Determine the number of lines in the data below that hold "Hoge"; give nothing but that number.

• Study material
───

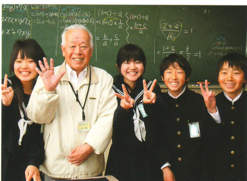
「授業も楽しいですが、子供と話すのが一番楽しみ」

───

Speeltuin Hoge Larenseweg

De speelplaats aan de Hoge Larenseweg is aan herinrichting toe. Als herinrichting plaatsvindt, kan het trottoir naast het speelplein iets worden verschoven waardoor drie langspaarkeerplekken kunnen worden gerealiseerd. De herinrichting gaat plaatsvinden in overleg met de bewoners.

───

• Result
2